In the absence of coevolved natural enemies, plants are expected to experience selection away from costly herbivore defenses toward growth and reproduction [evolution of increased competitive ability hypothesis (EICA)], yet no one has demonstrated EICA for an indirect defense trait. Likewise, we have little understanding of how constitutive and induced levels of defense vary among native and invasive plant populations. We conducted a greenhouse experiment in the introduced range to test whether invasive populations have reduced constitutive and induced investment in an indirect defense trait, extrafloral nectar (EFN) production, compared to native populations of Chinese tallow tree, Triadica sebifera, through an experimental leaf damage treatment. Overall, native populations invested more in indirect defense: Native populations had a greater number (+16?%) and percentage of leaves producing EFN (35 vs. 28?%), produced more EFN (63?% greater volume), and produced more sugar (+33?%) compared to invasive populations, independent of damage treatment. Of these traits, number of leaves producing EFN and volume of EFN exhibited a trade-off between constitutive and induced investment but these did not depend on plant origin. Our results are the first to support the EICA hypothesis for an indirect defense trait. This suggests that tri-trophic interactions such as indirect defense are under similar selection as direct defense traits within introduced populations. Despite reduced investment in EFN production, invasive populations still retain the ability to produce EFN, which may enable invasive plants to defend against herbivores in the introduced range.     
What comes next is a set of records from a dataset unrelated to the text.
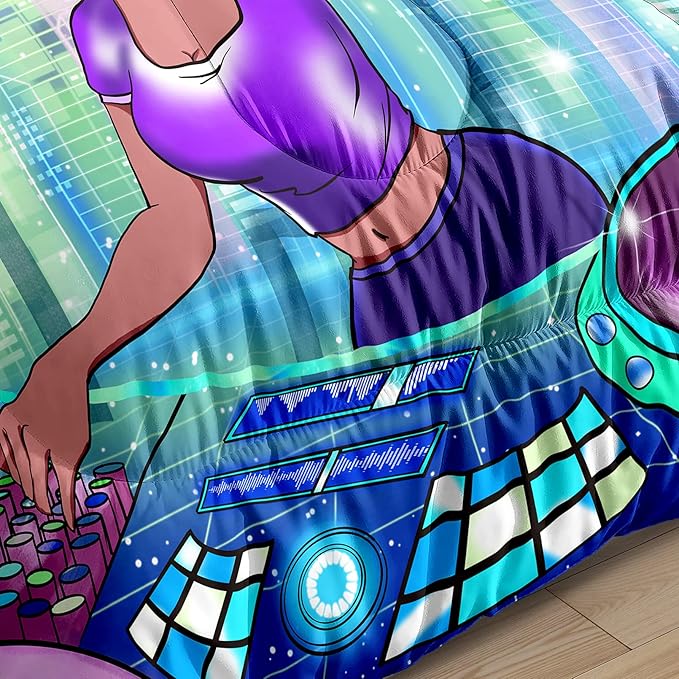 African American Comforter Sets for Girls, Full Size Comforter Set for Girls with Cool DJ Girl Pattern Soft Microfiber 3 Piece Quilt Set Green Pretty Girl Bedding Comforter Set with 2 Pillowcases
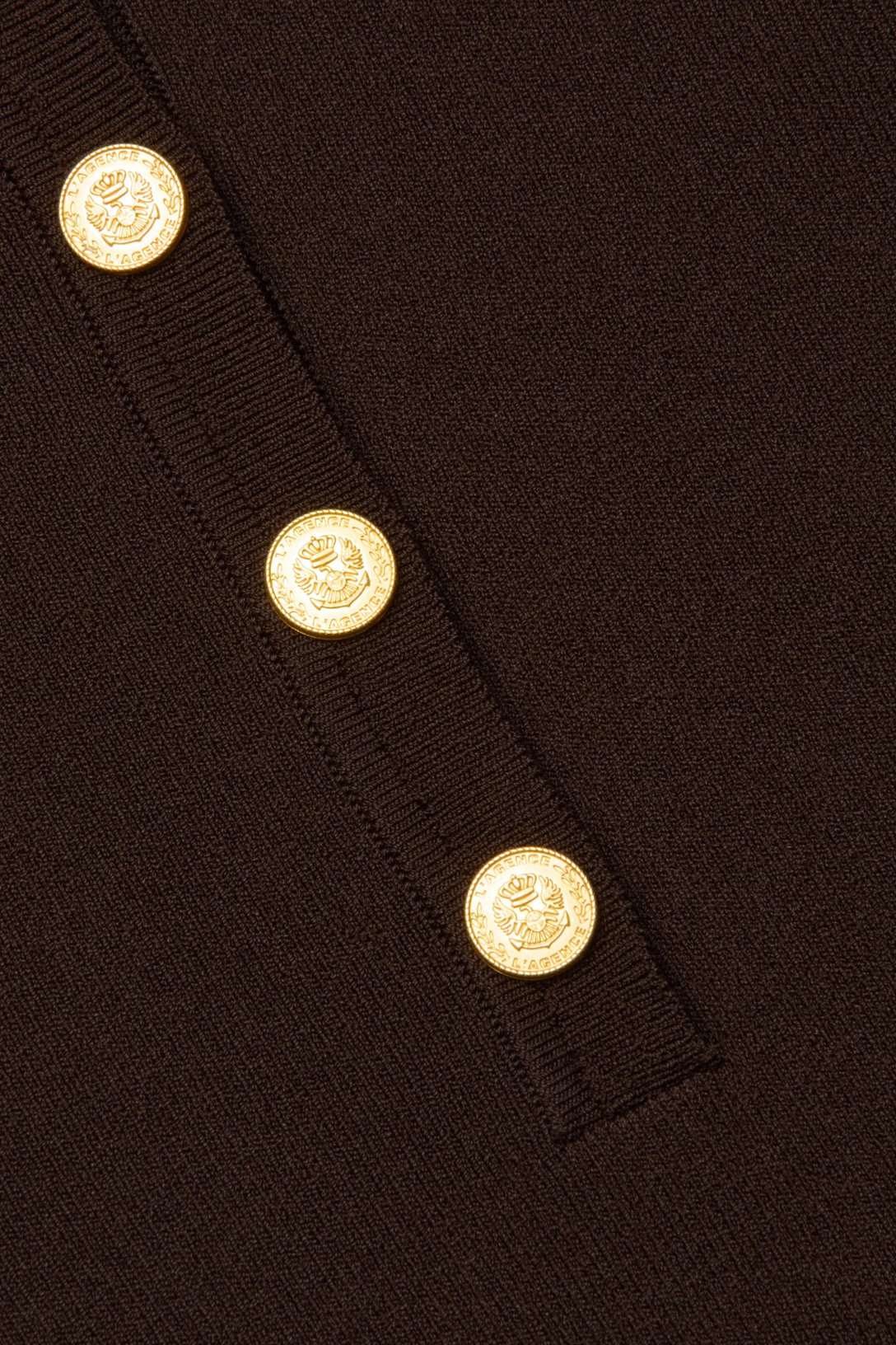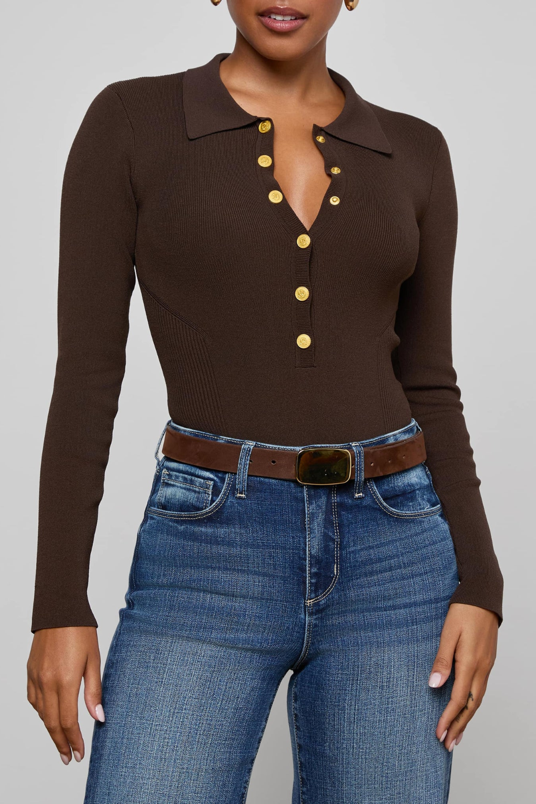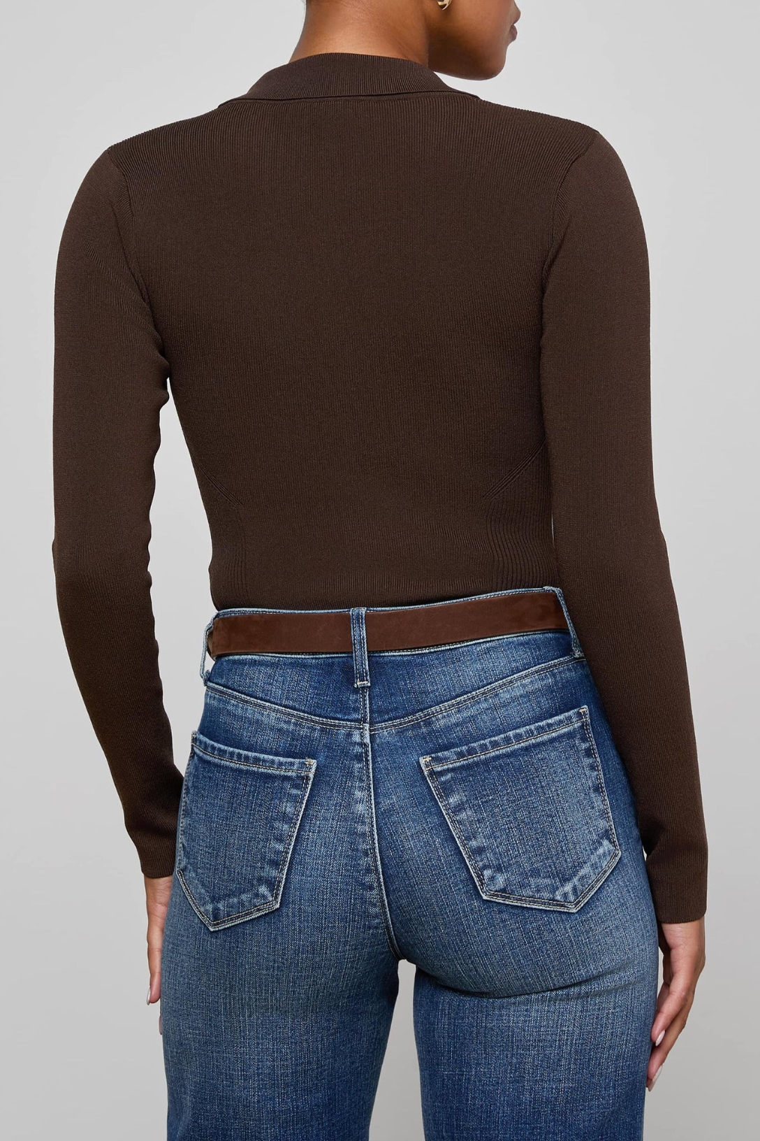 The long sleeve polo top in bodysuit form. The Elisabetta features a deep V-neckline, sharp collar, and snap button placket for a touch of polish. Designed in a stretch ribbed knit, it offers a smooth, body-hugging fit that layers perfectly under jeans, skirts, or suiting. Now back in chocolate brown.
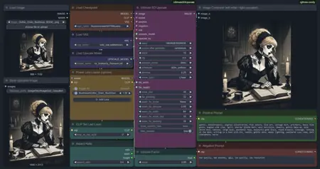 このワークフローを使えば、SDXLおよび同様のモデルで、簡単に任意の画像をアップスケールできます。アップスケールしたい画像を選択し、設定(ピンクと青で示された部分)を調整して、プロンプトを入力するだけで完了です。
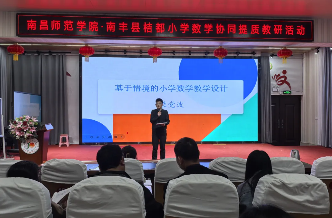 岁序常易,时盛岁新;聚力前行,征程再启。2026年4月8日,南昌师范学院与南丰县教育协同提质暨小学第二教研片区数学“同课同构”送课活动在桔都小学顺利举行。本次活动聚焦小学数学教学提质增效,搭建校地联动、片区共建的教研交流平台,特邀江西师范大学附属博文实验学校、南昌市学科带头人梁党波老师莅临指导,开展课堂点评与专题讲座,为片区数学教师带来一场务实高效的教研盛宴。

Specificity of extrafloral nectar induction by herbivores differs among native and invasive populations of tallow tree

Background and Aims

Invasive plants can be released from specialist herbivores and encounter novel generalists in their introduced ranges, leading to variation in defence among native and invasive populations. However, few studies have examined how constitutive and induced indirect defences change during plant invasion, especially during the juvenile stage.

Methods

Constitutive extrafloral nectar (EFN) production of native and invasive populations of juvenile tallow tree (Triadica sebifera) were compared, and leaf clipping, and damage by a native specialist (Noctuid) and two native generalist caterpillars (Noctuid and Limacodid) were used to examine inducible EFN production.

Key results

Plants from introduced populations had more leaves producing constitutive EFN than did native populations, but the content of soluble solids of EFN did not differ. Herbivores induced EFN production more than simulated herbivory. The specialist (Noctuid) induced more EFN than either generalist for native populations. The content of soluble solids in EFN was higher (2·1 times), with the specialist vs. the generalists causing the stronger response for native populations, but the specialist response was always comparable with the generalist responses for invasive populations.

Conclusions

These results suggest that constitutive and induced indirect defences are retained in juvenile plants of invasive populations even during plant establishment, perhaps due to generalist herbivory in the introduced range. However, responses specific to a specialist herbivore may be reduced in the introduced range where specialists are absent. This decreased defence may benefit specialist insects that are introduced for classical biological control of invasive plants.